Sudjana (1995: 76) mengemukakan metode mengajar ialah cara yang dipergunakan
guru dalam mengadakan hubungan dengan siswa pada saat berlangsungnya
pengajaran. Oleh karena itu, peranan metode mengajar seagai alat untuk menciptakan
proses mengajar dan belajar dengan metode ini diharapkan timbul berbagai kegiatan
belajar siswa sehubungan dengan kegiatan megnajar guru. Dengan kata lain
terciptanya interaksi edukatif. Dalam interaksi ini guru berperan sebagai penggerak
atau pembimbing, sedangkan siswa berperan sebagai penerima atau yang dibimbing.

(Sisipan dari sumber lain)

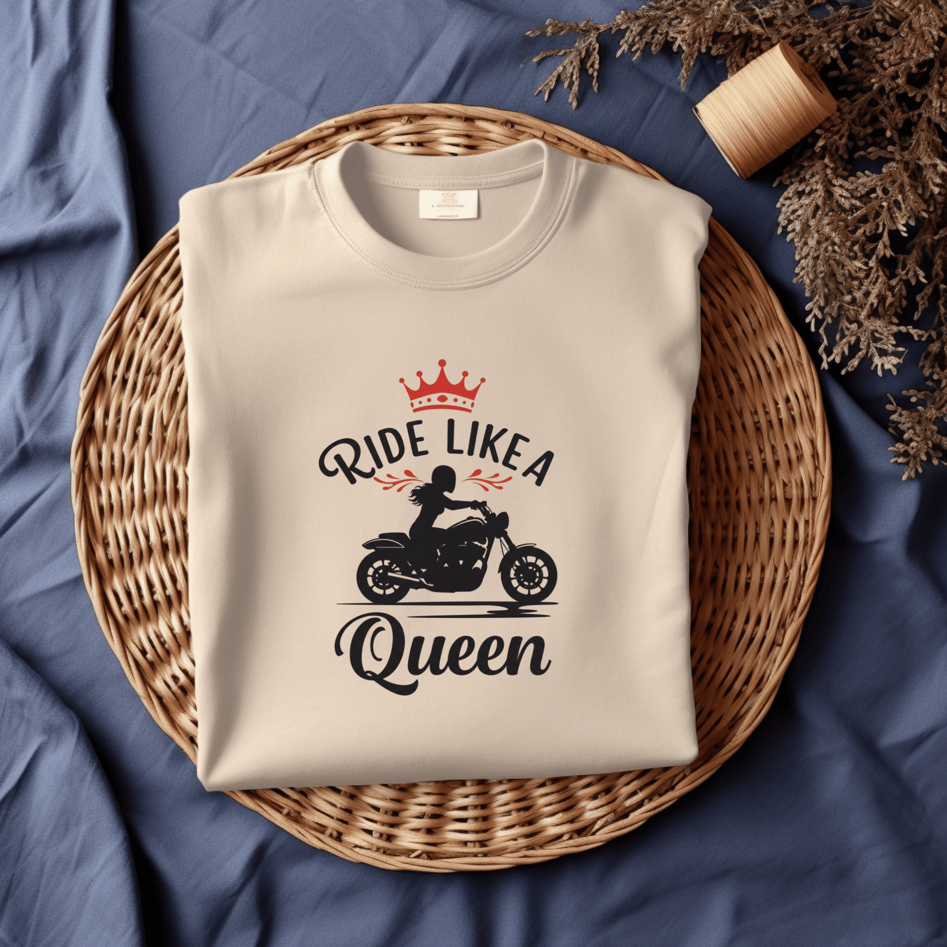 Ride Like A Queen Women’s Biker T-Shirt – Heavyweight Gildan® 5000 Crewneck

Proses interaksi ini akan berjalan baik bila siswa banyak aktif dibandingkan dengan
guru. Oleh karenanya metode mengajar yang baik adalah yang dapat menimbulkan
kegiatan belajar siswa.
Proses belajar mengajar yang baik hendaknya menggunakan berbagai jenis metode
mengajar
secara
bergntian.
Masing-masing
metode
ada
kelemahan
dan
keuntungannya. Tugas guru untuk memilih berbagai metode yang tepat untuk
menciptakan proses belajar mengajar, ketepatan menggunakanmetode mengajar
sangat bergantung pada tujuan. Isi proses mengajar dan kegiatan belajar mengajar.
Ditinjau dari segi penerapannya, metode mengajar ada yang tepat digunakan untuk
siswa dalam jumlah besar dan untuk siswa dalam jumlah kecil. Ada yang tepat
digunakan di dalam kelas atau di luar kelas.
Pada prinsipnya tidak ada metode mengajar yang dapat dipandang sempurna dan
cocok dengan semua pokok bahasan yang ada dalam setiap bidang studi. Hal ini
kareja setiap metode mengajar memiliki keunggulan dan kelemahan yang khas.
Dengan demikian guru sebaiknya menggunakan berbagai metode dalam mengajar
agar siswa tidak cepat merasa bosan atau menghindari terjadinya pengajaran yang
monoton.
5. Strategi mengajar
Bagian penting yang sering dilupakan orang adalah strategi mengajar yang
sesungguhnya melekat dalam metode mengajar. Berbeda dengan strategi mengajar,
metode belajar tidak berhubungfan langsung dengan hasil belajar yang dikehendaki.
Jadi metode kurang berorientasi pada tujuan (less goal-oriented) karena metode
dianggap konsep yang lebih luas dan pada strategis. Hal ini tidak berarti mengurangi
signifikansi metode mengajar, lantaran strategi mengajar itu ada dan berlaku dalam
kerangka metode mengajar. Dalam menggunakan metode ceramah, misalnya strategi
guru untuk mendapatkan perhatian siswa mungkin berupa penyampaian kisah luvu
atau kisah sedih yang sekaligus merupakan contoh yang berfungsi sebagai pelengkap
uraian topik yang sedang disajikan.
Strategi mengajar (teaching strategy) dapat didefenisikan sebagai sejumlah langkah
yang direkayasa sedemikian rupa untuk mencapai tujuan pengajaran tertentu (Syah
1885: 215). Sudjana (1995) mengartikan strategi mengajar sebagai tindakan guru
melaksanakan rencana kerja. Maksudnya usaha guru dalam menggunakan beberapa
variabel pengajaran (tujuan, bahan, metode, alat dan evaluasi) agar dapat
mempengaruhi siswa mencapai tujuan yang ditetapkan.